Materials and Methods

The IHC images of HPA

In this study, immunohistochemistry (IHC) staining images of the HPA version 10.0 released on the 12 September 2012 (http://www.proteinatlas.org/) were used to prioritize genes or proteins represented by antibodies. Data entries in the HPA are indexed using their gene names. In the HPA version 10.0, there are 14012 genes, the protein expression profiles of which are measured using 17219 antibodies in 46 normal human tissue types, 20 cancer tissue types, and 47 human cell lines. HPA version 10.0 has comprehensively accumulated millions of high-resolution IHC images with expert-curated annotations, among which 5108055 were used in this study.

Validation dataset

A cohort of 1482 membrane proteins expressed in paired tumor and adjacent normal tissues from 28 patients diagnosed with colorectal cancer was used as our validation dataset [25] (Table S1). Clinical information on the 28 patients is presented in Table S2. This dataset was originally created to screen potential markers for colorectal cancer.

Mapping the cancer and normal tissues

The proposed scoring approach is primarily based on using protein expression differences between cancer and normal tissues. Therefore there was a need to map the relationship between the various types of cancer and their paired normal tissues. These mappings, which were extracted from the HPA, are listed in Table 1. A cancer type may be defined in a number of different mappings if it is either paired with more than one cell type in a normal tissue (e.g. cervical cancer is paired with glandular cell and squamous epithelial cell from cervix, uterine) or paired with more than one normal tissue type (e.g. colorectal cancer is paired with tissue from the colon and rectum). The different mappings are analyzed independently when our approach is applied. Please note that there is no mapping defined for ovarian cancer due to a lack of IHC staining results in the HPA for normal ovary tissue. Furthermore, since hepatocellular carcinoma and cholangiocarcinoma are totally different cancers, they were regarded as different cancer types in our mappings even if they were all classified as liver cancer in the HPA. Eventually, 27 mappings were defined for 20 cancer types using the HPA. Please note that we did not investigate cancer subtypes, such as lobular carcinoma and duct carcinoma, which are breast cancers, because in such cases the number of tissue samples in the HPA is quite limited. Our approach is antibody-oriented; each antibody in the HPA is used to evaluate no more than 12 patients with a certain type of cancer. If we further classify the corresponding 12 IHC images into different cancer subtypes, it would be very difficult to draw any conclusion from statistical significant evidence that is based solely on <10 IHC images. We would like to emphasize that looking into cancer subtypes is a very important aspect of cancer marker discovery. We will make our effort towards this direction when the HPA or another database is able to provide a sufficient number of IHC images of different cancer subtypes.

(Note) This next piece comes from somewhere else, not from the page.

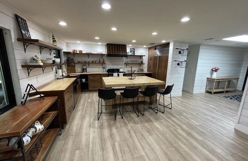 The kitchen is just as beautiful and unique as it is functional. A gas stove, oven, coffee station, toaster, dishwasher, and microwave are all available for use.

Expression differences as detected by antibody in relation to mapped cancer and normal tissues

For a given mapping and a given antibody, our aim was to determine the expression difference (ED) of the target protein between the paired cancer and normal tissue samples. Expression levels of a protein in tissues are determined based on the annotations provided by the HPA. Each gene in the HPA is annotated; this consists of a gene and protein summary, antibody and antigen information, and a range of different types of expression profiles. In this study, the annotations Intensity and Quantity for IHC staining are used to define the expression level of a protein in tissues. The annotation Intensity represents the level of antibody staining. The annotation Quantity represents the fraction of positively stained cells. Since a protein may be recognized by more than one antibody due to multiple binding sites, certain genes in the HPA are evaluated using more than one antibody. Since antibodies used to create the HPA are not all of the same quality, the evaluation of the results from these antibodies may be inconsistent. To address this issue, our proposed approach is designed to be antibody-oriented in order to overcome any inconsistencies in the quality of antibody. Different antibodies for a given gene product are regarded as distinct data entries and processed separately.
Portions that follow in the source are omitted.